ACTION ITEM: Transcribe the records in full; omit images.

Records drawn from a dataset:

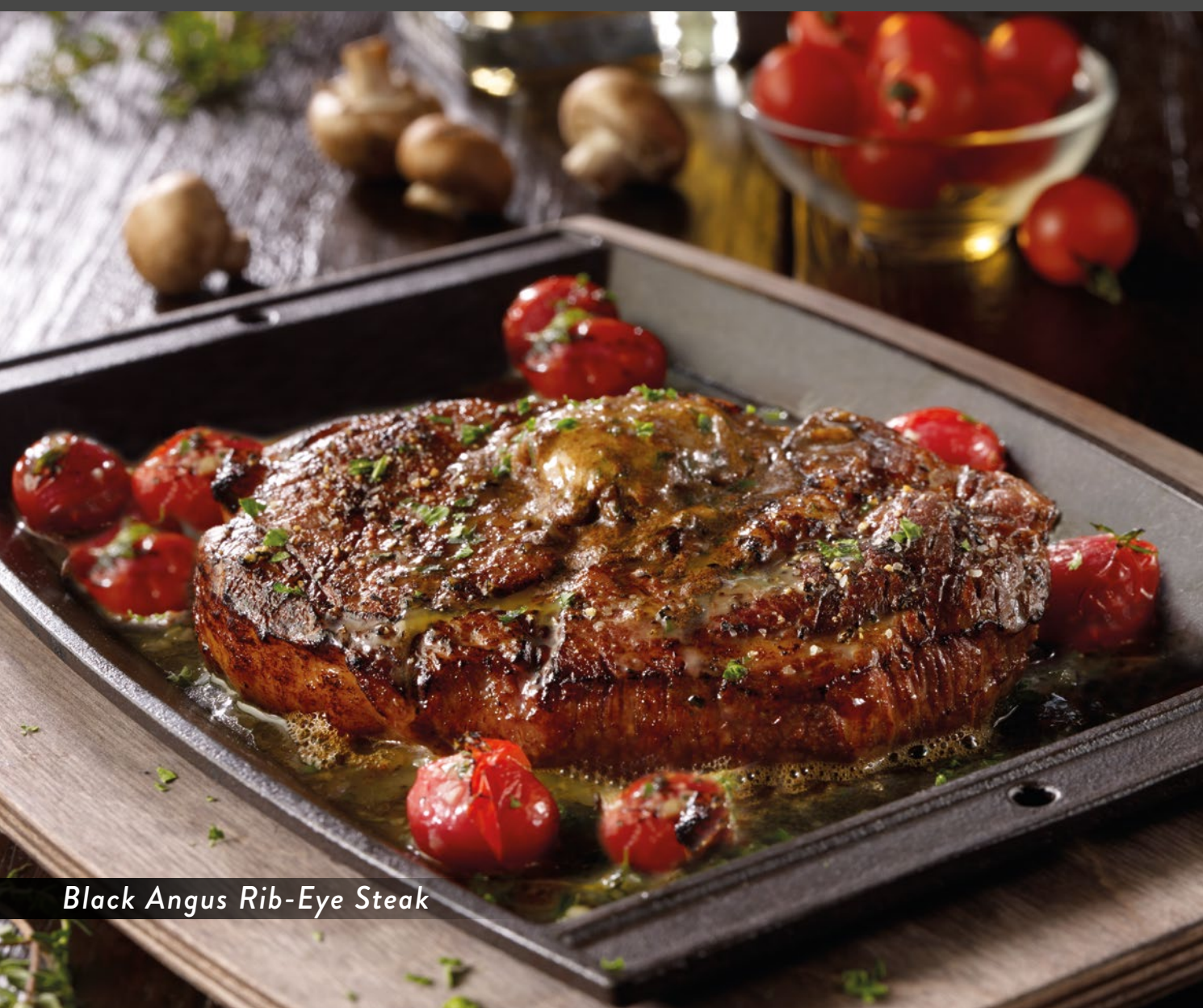
Black Angus Rib-Eye Steak
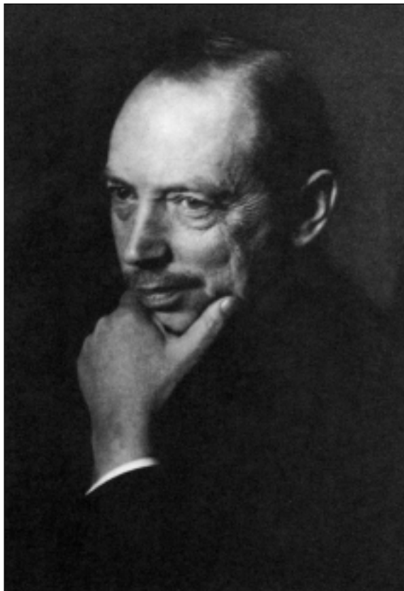
Friedrich Thimme (1868.—1938.)

Njemačka nije bila samo vojnički poražena, nego i politički desetkovana, a psihološki ponižena. U tom svjetlu je i pitanje odgovornosti za svjetski rat (tzv. Kriegsschuldfrage ), napose članak 231. Versailleskoga ugovora, kojim je — nakon naglašenoga francuskog inzistiranja — utvrđena njemačka krivica za njegovo izbijanje, postalo ne samo jedno od ključnih pitanja njemačke vanjske politike, nego i bitan čimbenik unutarnjega društvenog i ideološko-političkog raslojavanja. Njemačka je vlada zbog toga već u srpnju 1919. donijela odluku o pripremanju zbirke dokumenata koja bi rasvijetlila diplomatske i političke aktivnosti uoči Prvoga svjetskog rata. Prvotna vladina nakana, da objavi Bijelu knjigu koja je imala objasniti i opravdati ulogu Njemačkoga Reicha, zaslugom priređivača obuhvatila je ne samo izvorno planirano razdoblje od 1912. naovamo, nego se je protegla sve do vremena osnivanja Reicha, 1871. godine. Slijedom toga pretvorila se u impozantnu zbirku dokumenata o predratnoj politici, koja je pod naslovom Die grosse Politik der Europäischen Kabinette, 1871—1914. Sammlung der diplomatischen Akten des Auswärtigen Amtes im Auftrage des Auswärtigen Amtes ( Visoka politika europskih vlada 1871.—1914. Zbirka diplomatskih dokumenata Ministarstva vanjskih poslova, po ovlasti Ministarstva vanjskih poslova ) objavljena u Berlinu od 1922. do 1927. u 40 knjiga (od čega je čak dvanaest objavljeno u dva sveska). Zbirku su uredili Johannes Lepsius
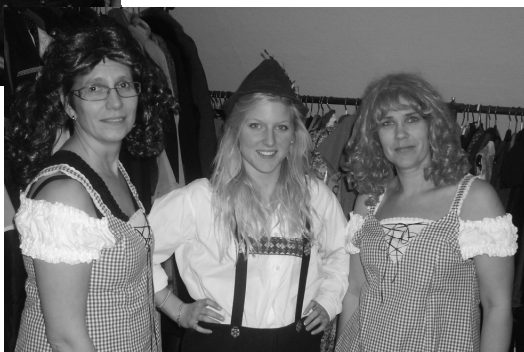
Klar til alpe-tur !
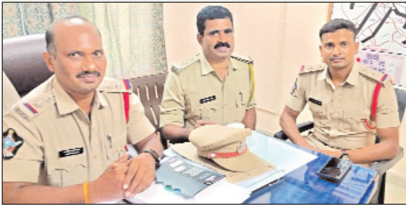
రామభద్రపురం మేజర్ స్టాఫ్

WRITTEN ANSWER:
Black Angus Rib-Eye Steak
Friedrich Thimme (1868.—1938.)

Njemačka nije bila samo vojnički poražena, nego i politički desetkovana, a psihološki ponižena. U tom svjetlu je i pitanje odgovornosti za svjetski rat (tzv. Kriegsschuldfrage ), napose članak 231. Versailleskoga ugovora, kojim je — nakon naglašenoga francuskog inzistiranja — utvrđena njemačka krivica za njegovo izbijanje, postalo ne samo jedno od ključnih pitanja njemačke vanjske politike, nego i bitan čimbenik unutarnjega društvenog i ideološko-političkog raslojavanja. Njemačka je vlada zbog toga već u srpnju 1919. donijela odluku o pripremanju zbirke dokumenata koja bi rasvijetlila diplomatske i političke aktivnosti uoči Prvoga svjetskog rata. Prvotna vladina nakana, da objavi Bijelu knjigu koja je imala objasniti i opravdati ulogu Njemačkoga Reicha, zaslugom priređivača obuhvatila je ne samo izvorno planirano razdoblje od 1912. naovamo, nego se je protegla sve do vremena osnivanja Reicha, 1871. godine. Slijedom toga pretvorila se u impozantnu zbirku dokumenata o predratnoj politici, koja je pod naslovom Die grosse Politik der Europäischen Kabinette, 1871—1914. Sammlung der diplomatischen Akten des Auswärtigen Amtes im Auftrage des Auswärtigen Amtes ( Visoka politika europskih vlada 1871.—1914. Zbirka diplomatskih dokumenata Ministarstva vanjskih poslova, po ovlasti Ministarstva vanjskih poslova ) objavljena u Berlinu od 1922. do 1927. u 40 knjiga (od čega je čak dvanaest objavljeno u dva sveska). Zbirku su uredili Johannes Lepsius
Klar til alpe-tur !
రామభద్రపురం మేజర్ స్టాఫ్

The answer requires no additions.